_Assigned task_
An exact copy of every record below is needed, with the pictures left out.

_The input_
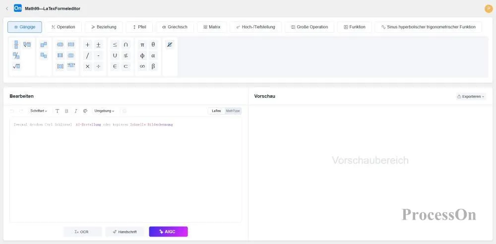 Besuchen Sie https://www.processon.io/de/latex und Sie sehen ein Schnittstellenlayout mit einem Eingabebereich auf der linken und einem Vorschaubereich auf der rechten Seite.
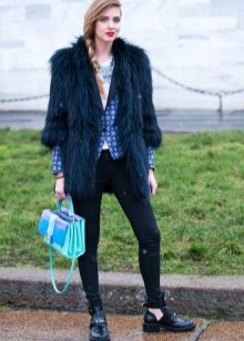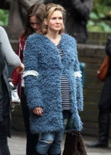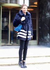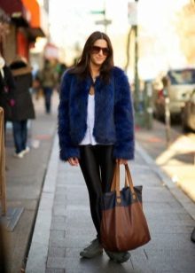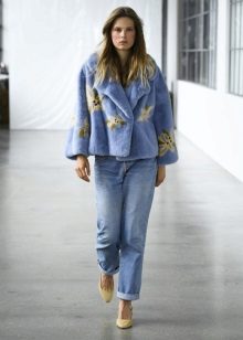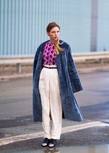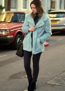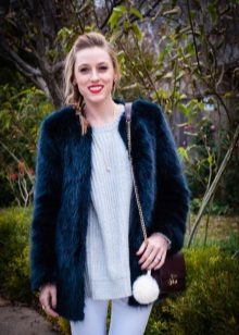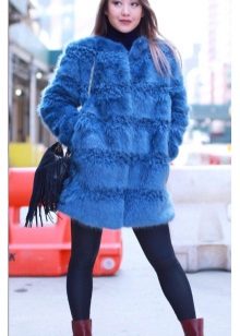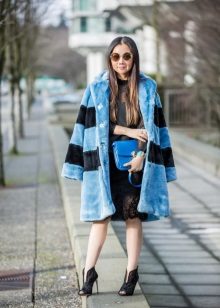 In addition, blue outerwear is perfectly combined with other details of the wardrobe, such as black or gray. Both colored and restrained accessories are suitable for such a fur coat: gloves, bag, hat and scarf. The same goes for shoes.
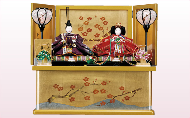 伝統ある金沢金箔をふんだんに使用した豪華な収納タイプです。品のある梅の図柄を描き、本刺繍衣裳をまとったおひなさまを配したこだわりの逸品です。
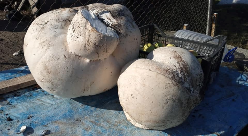 51-річна Ольга Онопрієнко на початку жовтня виставила на своїй сторінці у фейсбуці фото гігантських дощовиків. Ці гриби знайшов у місцевому саду її чоловік Віталій.
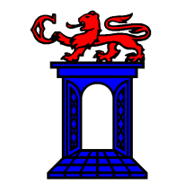 Argent lion passant holding a letter C gules standing on a carriage entrance azure.
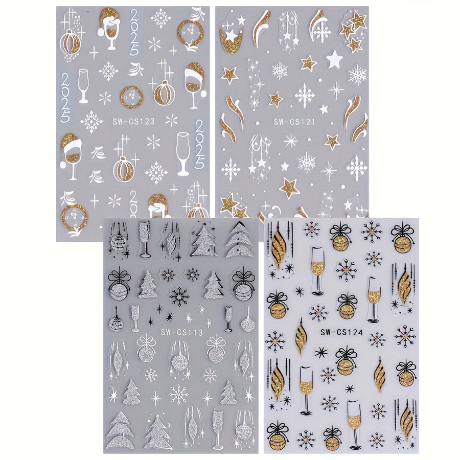 Σετ 4 Φύλλων Χριστουγεννιάτικα Αυτοκόλλητα Ασημί/Χρυσό Glitter
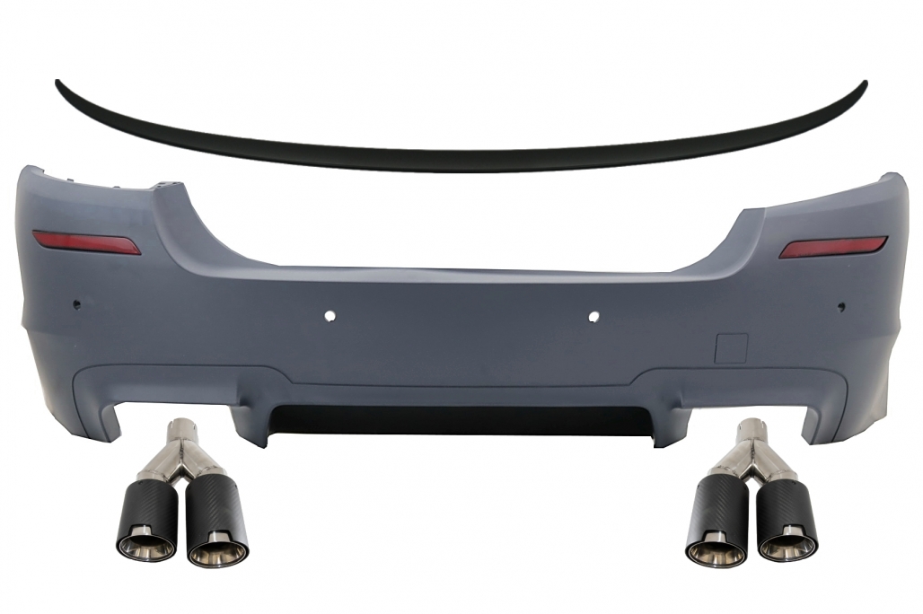 Rear Bumper with Trunk Spoiler and Exhaust Muffler Tips Carbon Fiber Matte suitable for BMW 5 Series F10 (2011-2017) M5 Design
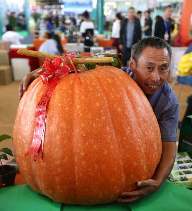 9月18日,一位农民抱着他种植的一个重达144公斤的南瓜王。当日,2014中国(沈阳)国际农业博览会在沈阳国际会展中心开幕。本届博览会吸引了海内外22个国家和地区的368家展商。 新华社记者姚剑锋 摄
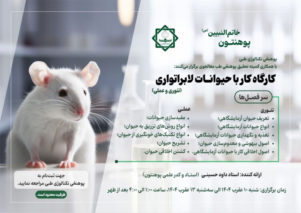 دانشکده تکنالوژی طبی دانشگاه خاتمالنبیین(ص) با همکاری کمیته تحقیق دانشکده طب معالجوی، کارگاه چهارروزهی «کار با حیوانات لابراتواری (تیوری و
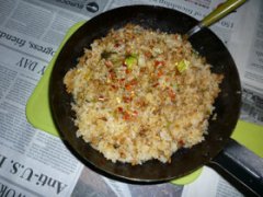 鉄パンでピリ辛そぼろ炒めの炒飯
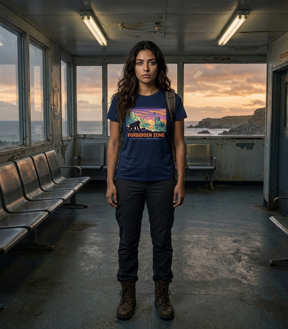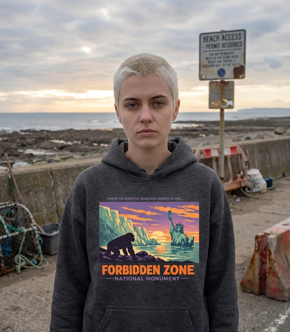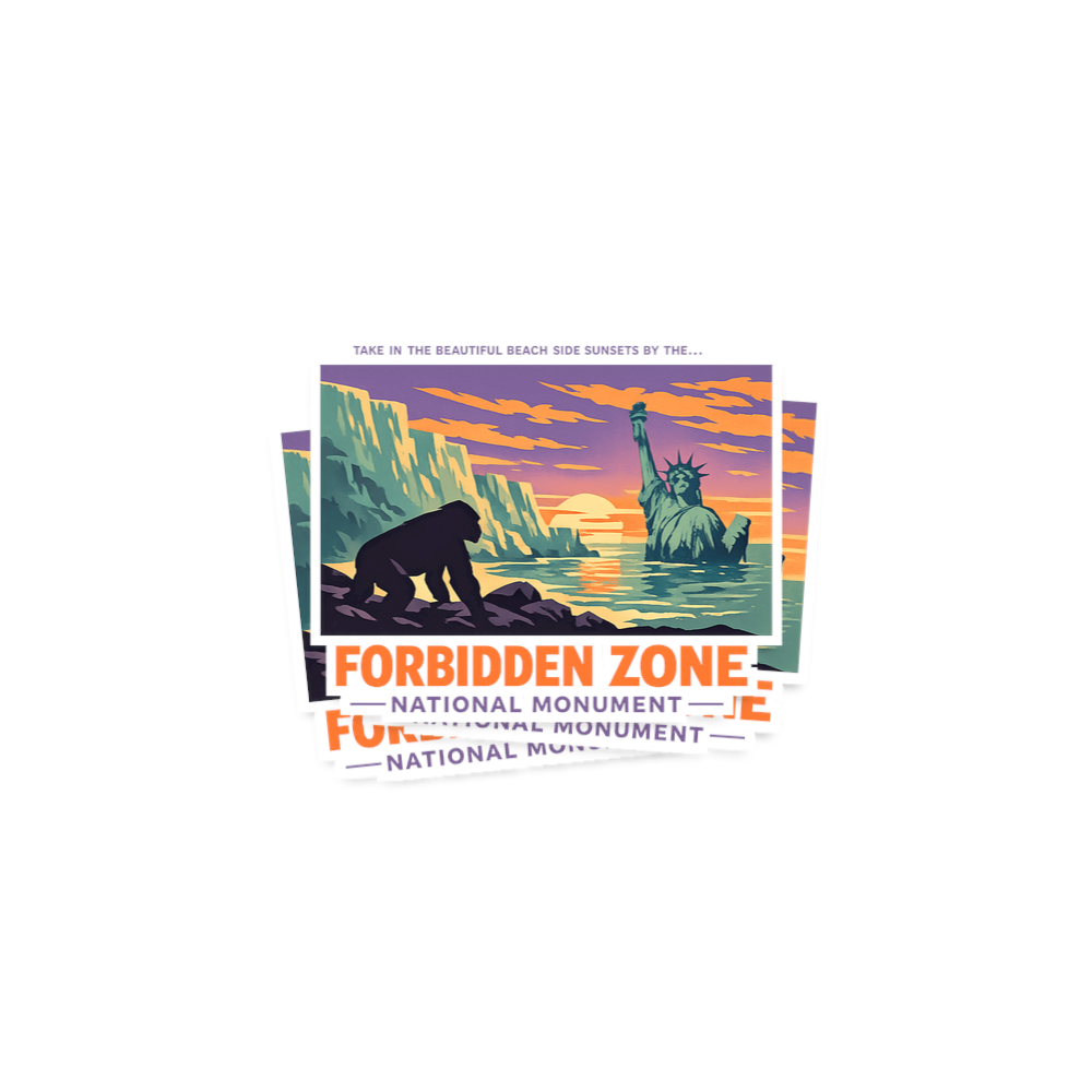 The aesthetic evokes vintage travel posters with a dark, satirical twist, proclaiming the scene as the 'Forbidden Zone National Monument'.
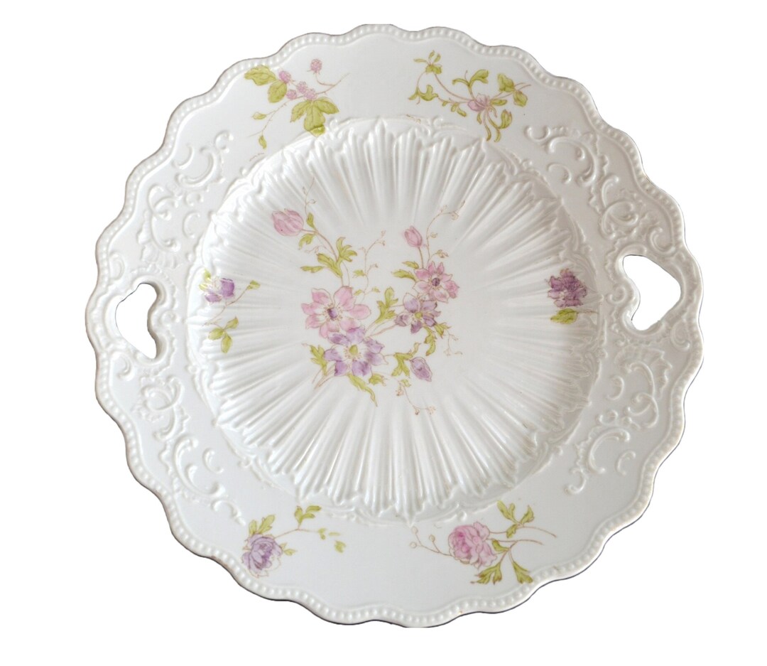 Antique German Porcelain Cake Plate Purple Flower Decoration Etsy
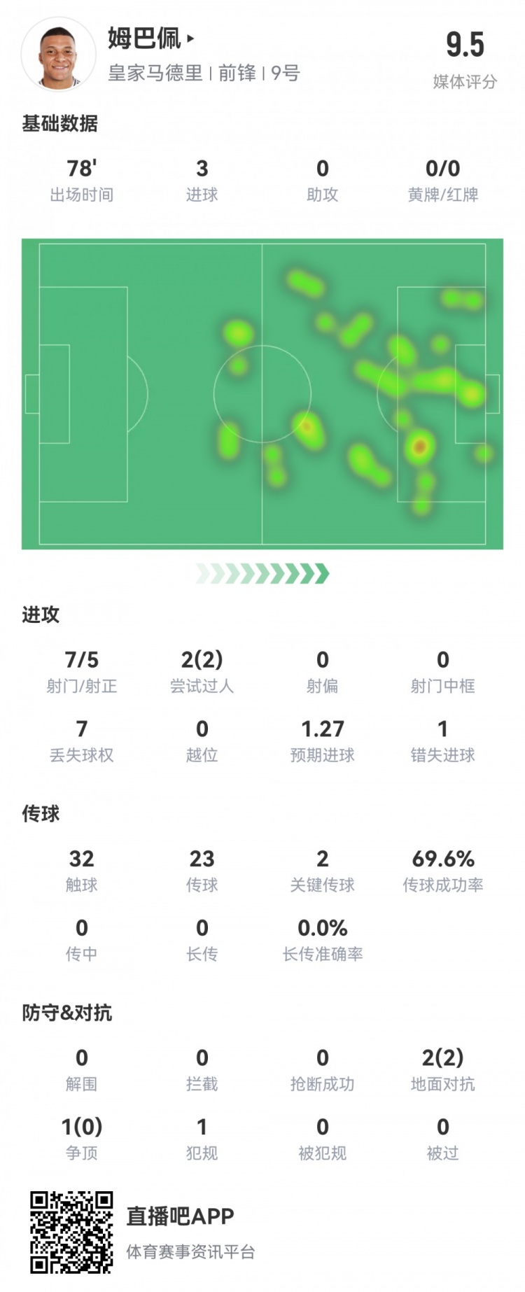 2月20日訊 正在進(jìn)行的歐冠淘汰賽附加賽次回合,姆巴佩帽子戲法,皇馬3-0總比分6-2領(lǐng)先曼城。戴帽后姆巴佩在第78分鐘被換下,球員全場(chǎng)重點(diǎn)數(shù)據(jù)如下↓
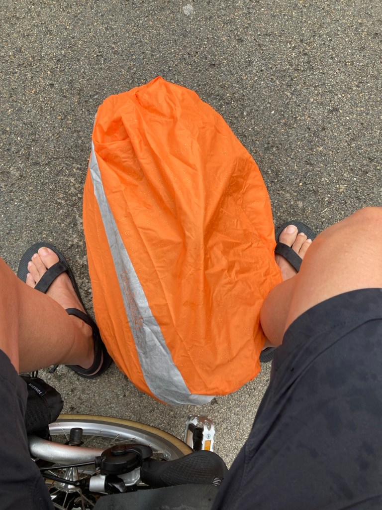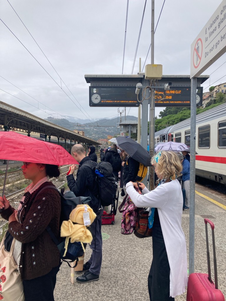My good luck lasted all the way to Sanremo, where I had a 30 minute wait for the train. Of course now was the time for the heavens to open ! Time to don a rain jacket for me and the Brompton bag.
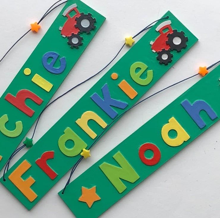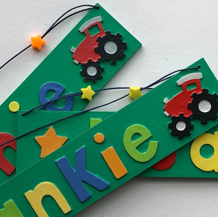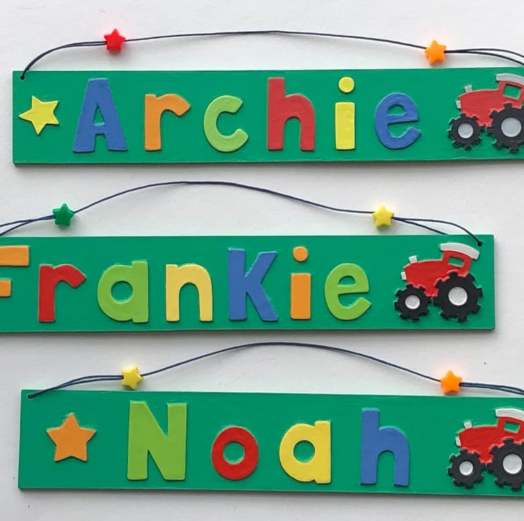 Small personalised tractor themed name plate in green measuring 29cm x 5 cm, strung with matching cord and coordinating star shaped beads, available with up to seven letters.
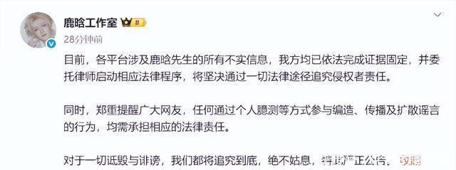 看到这些不清不楚的画面,鹿晗工作室当即出来辟谣,否认所有事情,还声称已经报警。

_Your response_
 Besuchen Sie https://www.processon.io/de/latex und Sie sehen ein Schnittstellenlayout mit einem Eingabebereich auf der linken und einem Vorschaubereich auf der rechten Seite.
 In addition, blue outerwear is perfectly combined with other details of the wardrobe, such as black or gray. Both colored and restrained accessories are suitable for such a fur coat: gloves, bag, hat and scarf. The same goes for shoes.
 伝統ある金沢金箔をふんだんに使用した豪華な収納タイプです。品のある梅の図柄を描き、本刺繍衣裳をまとったおひなさまを配したこだわりの逸品です。
 51-річна Ольга Онопрієнко на початку жовтня виставила на своїй сторінці у фейсбуці фото гігантських дощовиків. Ці гриби знайшов у місцевому саду її чоловік Віталій.
 Argent lion passant holding a letter C gules standing on a carriage entrance azure.
 Σετ 4 Φύλλων Χριστουγεννιάτικα Αυτοκόλλητα Ασημί/Χρυσό Glitter
 Rear Bumper with Trunk Spoiler and Exhaust Muffler Tips Carbon Fiber Matte suitable for BMW 5 Series F10 (2011-2017) M5 Design
 9月18日,一位农民抱着他种植的一个重达144公斤的南瓜王。当日,2014中国(沈阳)国际农业博览会在沈阳国际会展中心开幕。本届博览会吸引了海内外22个国家和地区的368家展商。 新华社记者姚剑锋 摄
 دانشکده تکنالوژی طبی دانشگاه خاتمالنبیین(ص) با همکاری کمیته تحقیق دانشکده طب معالجوی، کارگاه چهارروزهی «کار با حیوانات لابراتواری (تیوری و
 鉄パンでピリ辛そぼろ炒めの炒飯
 The aesthetic evokes vintage travel posters with a dark, satirical twist, proclaiming the scene as the 'Forbidden Zone National Monument'.
 Antique German Porcelain Cake Plate Purple Flower Decoration Etsy
 2月20日訊 正在進(jìn)行的歐冠淘汰賽附加賽次回合,姆巴佩帽子戲法,皇馬3-0總比分6-2領(lǐng)先曼城。戴帽后姆巴佩在第78分鐘被換下,球員全場(chǎng)重點(diǎn)數(shù)據(jù)如下↓
My good luck lasted all the way to Sanremo, where I had a 30 minute wait for the train. Of course now was the time for the heavens to open ! Time to don a rain jacket for me and the Brompton bag.
 Small personalised tractor themed name plate in green measuring 29cm x 5 cm, strung with matching cord and coordinating star shaped beads, available with up to seven letters.
 看到这些不清不楚的画面,鹿晗工作室当即出来辟谣,否认所有事情,还声称已经报警。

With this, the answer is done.